### Problem
Every line in the data below from the one containing "2012 Ford F450" down to the one containing "- ↑ Указ Президиума", both included, must be retyped exactly; no other line is to appear.

### Task inputs

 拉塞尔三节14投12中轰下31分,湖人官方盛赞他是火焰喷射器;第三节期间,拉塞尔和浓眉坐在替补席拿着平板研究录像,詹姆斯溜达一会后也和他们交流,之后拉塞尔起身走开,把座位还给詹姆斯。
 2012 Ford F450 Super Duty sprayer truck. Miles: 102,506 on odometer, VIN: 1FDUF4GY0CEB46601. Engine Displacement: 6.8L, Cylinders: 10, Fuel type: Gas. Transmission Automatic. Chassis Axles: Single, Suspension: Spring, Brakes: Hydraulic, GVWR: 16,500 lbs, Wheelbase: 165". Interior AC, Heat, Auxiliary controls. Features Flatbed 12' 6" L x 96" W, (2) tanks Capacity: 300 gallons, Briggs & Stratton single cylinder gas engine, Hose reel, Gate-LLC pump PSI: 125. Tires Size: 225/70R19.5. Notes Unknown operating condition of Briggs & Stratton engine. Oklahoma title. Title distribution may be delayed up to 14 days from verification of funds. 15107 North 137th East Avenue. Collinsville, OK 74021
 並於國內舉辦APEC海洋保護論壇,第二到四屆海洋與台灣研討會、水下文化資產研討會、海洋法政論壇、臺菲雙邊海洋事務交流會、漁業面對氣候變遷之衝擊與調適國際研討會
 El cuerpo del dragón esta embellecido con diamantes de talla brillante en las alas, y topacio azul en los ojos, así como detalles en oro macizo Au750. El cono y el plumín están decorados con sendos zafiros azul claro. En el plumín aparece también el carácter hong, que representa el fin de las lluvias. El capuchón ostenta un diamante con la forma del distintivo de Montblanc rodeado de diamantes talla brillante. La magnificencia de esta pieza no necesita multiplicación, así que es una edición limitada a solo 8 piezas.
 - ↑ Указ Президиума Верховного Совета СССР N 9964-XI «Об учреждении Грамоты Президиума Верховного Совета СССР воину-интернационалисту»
==
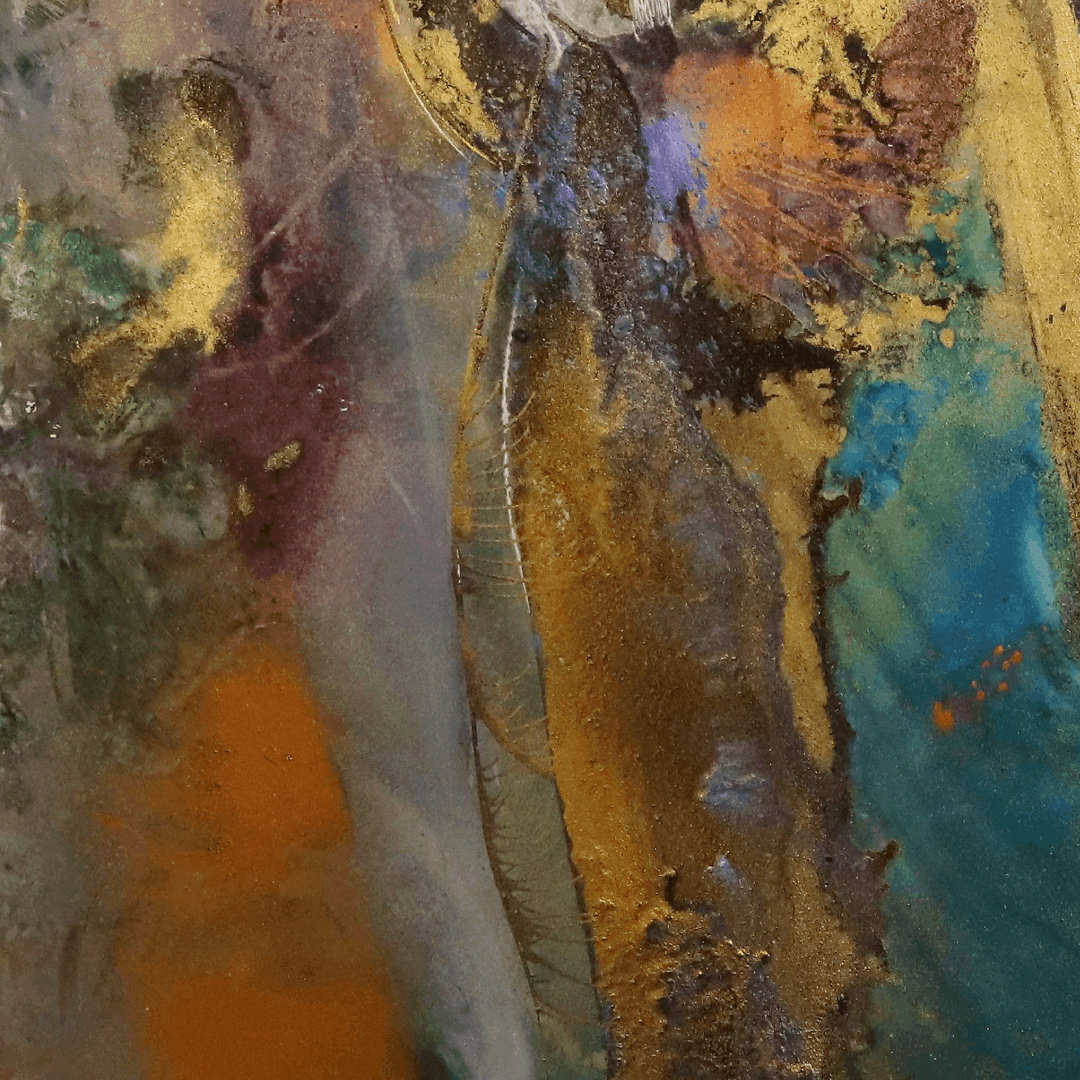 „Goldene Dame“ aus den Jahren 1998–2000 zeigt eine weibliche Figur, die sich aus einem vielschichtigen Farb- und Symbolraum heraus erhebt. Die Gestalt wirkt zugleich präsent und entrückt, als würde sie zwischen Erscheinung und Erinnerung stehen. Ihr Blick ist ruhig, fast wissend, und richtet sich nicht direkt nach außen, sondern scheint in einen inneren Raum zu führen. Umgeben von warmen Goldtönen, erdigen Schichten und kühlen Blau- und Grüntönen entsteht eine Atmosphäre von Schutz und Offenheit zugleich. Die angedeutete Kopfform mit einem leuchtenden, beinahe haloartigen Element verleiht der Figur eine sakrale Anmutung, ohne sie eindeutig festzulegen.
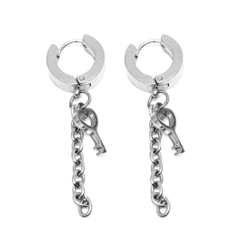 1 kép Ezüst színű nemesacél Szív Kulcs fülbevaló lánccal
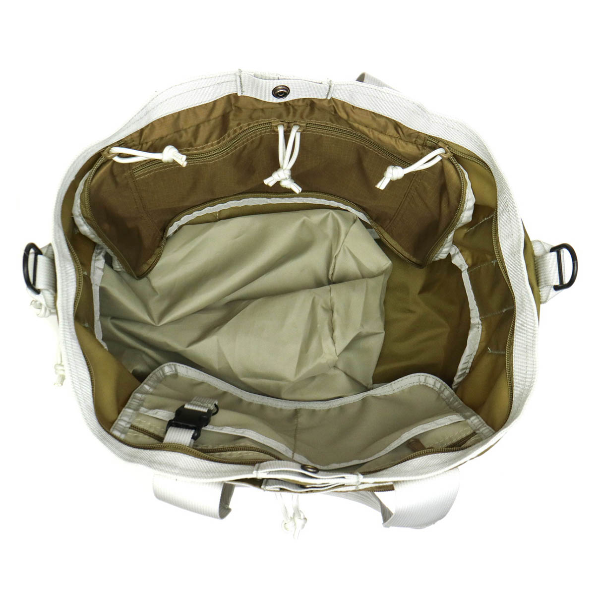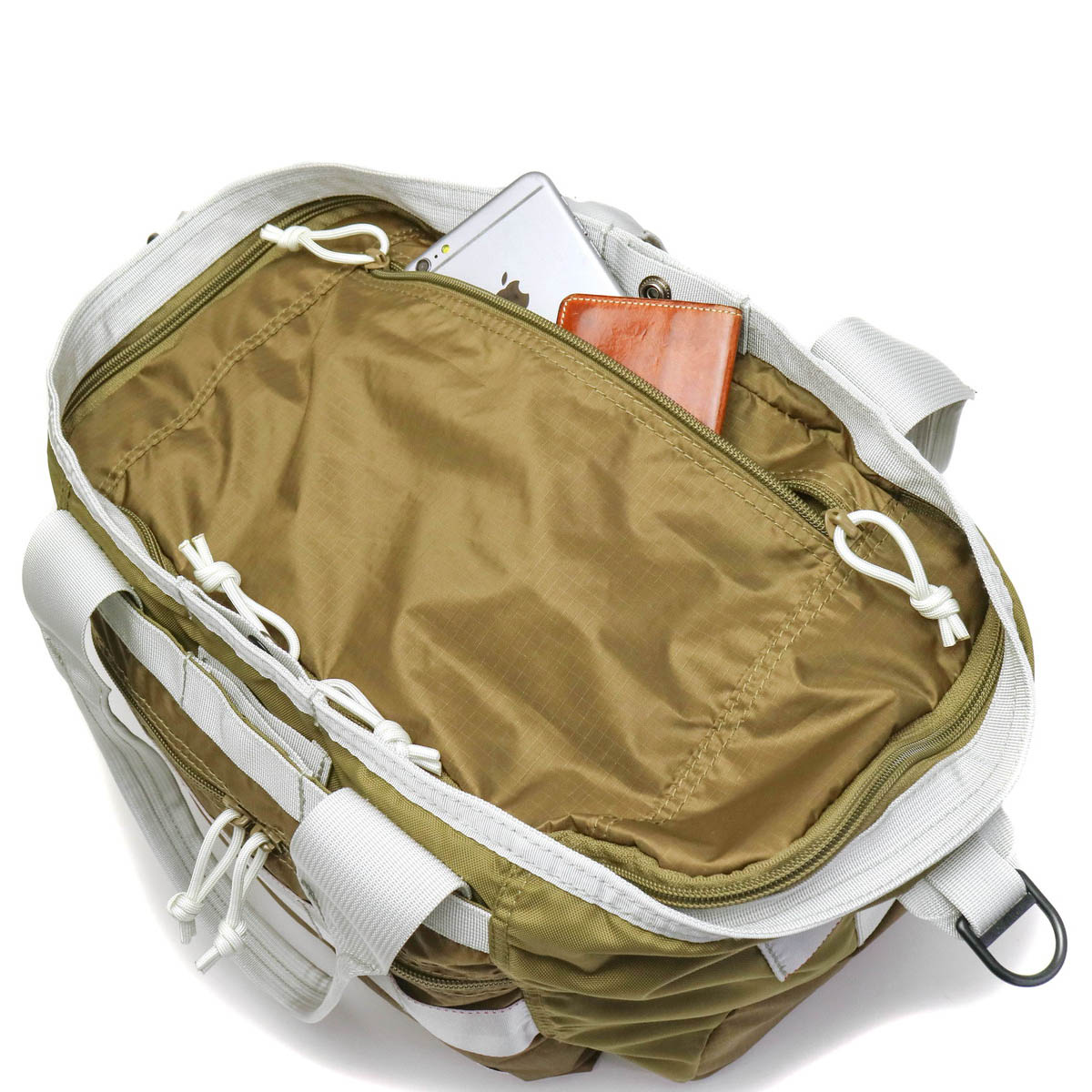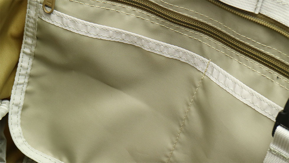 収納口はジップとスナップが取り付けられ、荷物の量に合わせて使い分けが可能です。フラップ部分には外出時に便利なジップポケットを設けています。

### Exercise response
 2012 Ford F450 Super Duty sprayer truck. Miles: 102,506 on odometer, VIN: 1FDUF4GY0CEB46601. Engine Displacement: 6.8L, Cylinders: 10, Fuel type: Gas. Transmission Automatic. Chassis Axles: Single, Suspension: Spring, Brakes: Hydraulic, GVWR: 16,500 lbs, Wheelbase: 165". Interior AC, Heat, Auxiliary controls. Features Flatbed 12' 6" L x 96" W, (2) tanks Capacity: 300 gallons, Briggs & Stratton single cylinder gas engine, Hose reel, Gate-LLC pump PSI: 125. Tires Size: 225/70R19.5. Notes Unknown operating condition of Briggs & Stratton engine. Oklahoma title. Title distribution may be delayed up to 14 days from verification of funds. 15107 North 137th East Avenue. Collinsville, OK 74021
 並於國內舉辦APEC海洋保護論壇,第二到四屆海洋與台灣研討會、水下文化資產研討會、海洋法政論壇、臺菲雙邊海洋事務交流會、漁業面對氣候變遷之衝擊與調適國際研討會
 El cuerpo del dragón esta embellecido con diamantes de talla brillante en las alas, y topacio azul en los ojos, así como detalles en oro macizo Au750. El cono y el plumín están decorados con sendos zafiros azul claro. En el plumín aparece también el carácter hong, que representa el fin de las lluvias. El capuchón ostenta un diamante con la forma del distintivo de Montblanc rodeado de diamantes talla brillante. La magnificencia de esta pieza no necesita multiplicación, así que es una edición limitada a solo 8 piezas.
 - ↑ Указ Президиума Верховного Совета СССР N 9964-XI «Об учреждении Грамоты Президиума Верховного Совета СССР воину-интернационалисту»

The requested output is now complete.